After spending several hours on the topic of decorators in python, I still have two issues.
First; if you have decorator without argument, sytntax is like this:
@decorator
def bye():
return "bye"
which is just a syntactic sugar and is same as this
bye = decorator(bye)
but if I have a decorator with argument:
@decorator(*args)
def bye():
return "bye"
How does "no-sugar" version looks like? Is the function passed inside as one of the arguments?
bye = decorator("argument", bye)
Second issue(which is related to the first, yet more practical example);
def permission_required(permission):
def wrap(function):
@functools.wraps(function)
def wrapped_func(*args, **kwargs):
if not current_user.can(permission):
abort(403)
return function(*args, **kwargs)
return wrapped_function
return wrap
def admin_required(f):
return permission_required(Permission.ADMINISTER)(f)
Here permission_required decorator is passed to a return statement of newly created decorator named admin_required. I have no idea how this works. Mainly the return statement where we returning original decorator + the function(in strange syntax). Can someone elaborate on this? - details are extremely welcome
When arguments are given in decorator notation,
@decorator(a, b, c)
def function(): pass
it is syntactic sugar for writing
def function(): pass
function = decorator(a, b, c)(function)
That is, decorator
is called with arguments a, b, c, and then the object it returns is called with sole argument function
.
It is easiest to understand how that makes sense when the decorator is a class. I'm going to use your permission_required
decorator for a running example. It could have been written thus:
class permission_required:
def __init__(self, permission):
self.permission = permission
def __call__(self, function):
@functools.wraps(function)
def wrapped_func(*args, **kwargs):
if not current_user.can(self.permission):
abort(403)
return function(*args, **kwargs)
return wrapped_func
admin_required = permission_required(Permission.ADMINISTER)

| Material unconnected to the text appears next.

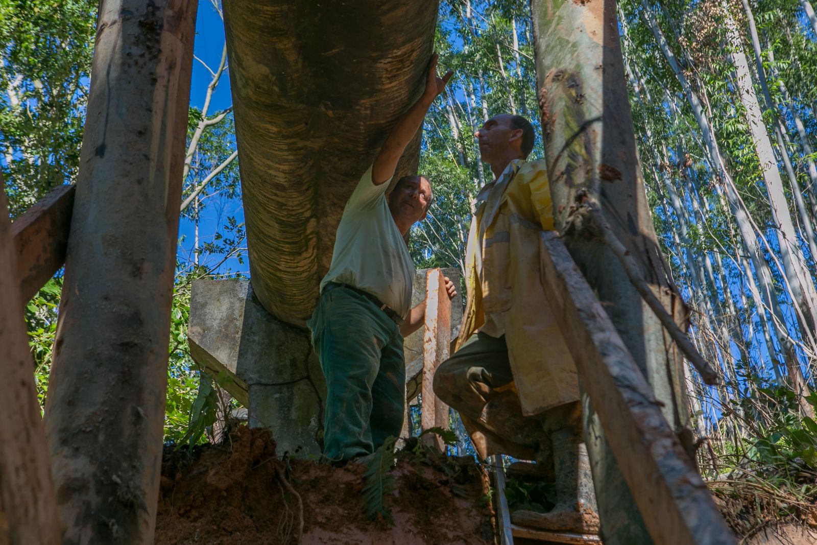 O solo na região da captação do Rio Pilões (no município de Santo Amaro) está muito encharcado e instável devido às chuvas, dificultando a fixação dos pilares que sustentam a adutora. Por medida de segurança do Sistema, a CASAN resolveu colocar estaqueamentos metálicos junto à estrutura de madeira, mas a Empresa esclarece que não houve novo desmoronamento, como divulgado em redes sociais.

When you use the decorator, e.g.
@permission_required(Permission.DESTRUCTIVE)
def erase_the_database():
raise NotImplementedError # TBD: should we even have this?
you instantiate the class first, passing Permission.DESTRUCTIVE
to __init__
, and then you call the instance as a function with erase_the_database
as an argument, which invokes the __call__
method, which constructs the wrapped function and returns it.
Thinking about it this way, admin_required
should be easier to understand: it's an instance of the permission_required
class, that hasn't yet been called. It's basically for shorthand:
@admin_required
def add_user(...): ...
instead of typing out
@permission_required(Permission.ADMINISTER)
def add_user(...): ...
Now, the way you had it...
def permission_required(permission):
def wrap(function):
@functools.wraps(function)
def wrapped_func(*args, **kwargs):
if not current_user.can(permission):
abort(403)
return function(*args, **kwargs)
return wrapped_func
return wrap
is really just another way of writing the same thing. Returning wrap
from permission_required
implicitly creates a closure object. It can be called like a function, and when you do it calls wrap
. It remembers the value of permission
passed to permission_required
so that wrap
can use it. That's exactly what the class I showed above does. (In fact, compiled languages like C++ and Rust often implement closures by desugaring them into class definitions like the one I showed.)
Notice that wrap
itself does the same thing! We could expand it out even further...
class permission_check_wrapper:
def __init__(self, function, permission):
self.function = function
self.permission = permission
functools.update_wrapper(self, function)
def __call__(self, *args, **kwargs):
if not current_user.can(self.permission):
abort(403)
return self.function(*args, **kwargs)
class permission_required:
def __init__(self, permission):
self.permission = permission
def __call__(self, function):
return permission_check_wrapper(self.permission, function)
Or we could do the entire job with functools.partial
:
def permission_check_wrapper(*args, function, permission, **kwargs):
if not current_user.can(permission):
abort(403)
return function(*args, **kwargs)
def wrap_fn_with_permission_check(function, *, permission):
return functools.update_wrapper(
functools.partial(permission_check_wrapper,
function=function,
permission=permission),
wrapped=function)
def permission_required(permission):
return functools.partial(wrap_fn_with_permission_check,
permission=permission)
The beauty of defining @decorator(a,b,c) def foo
to desugar to foo = decorator(a,b,c)(foo)
is that the language doesn't care which of these several implementation techniques you pick.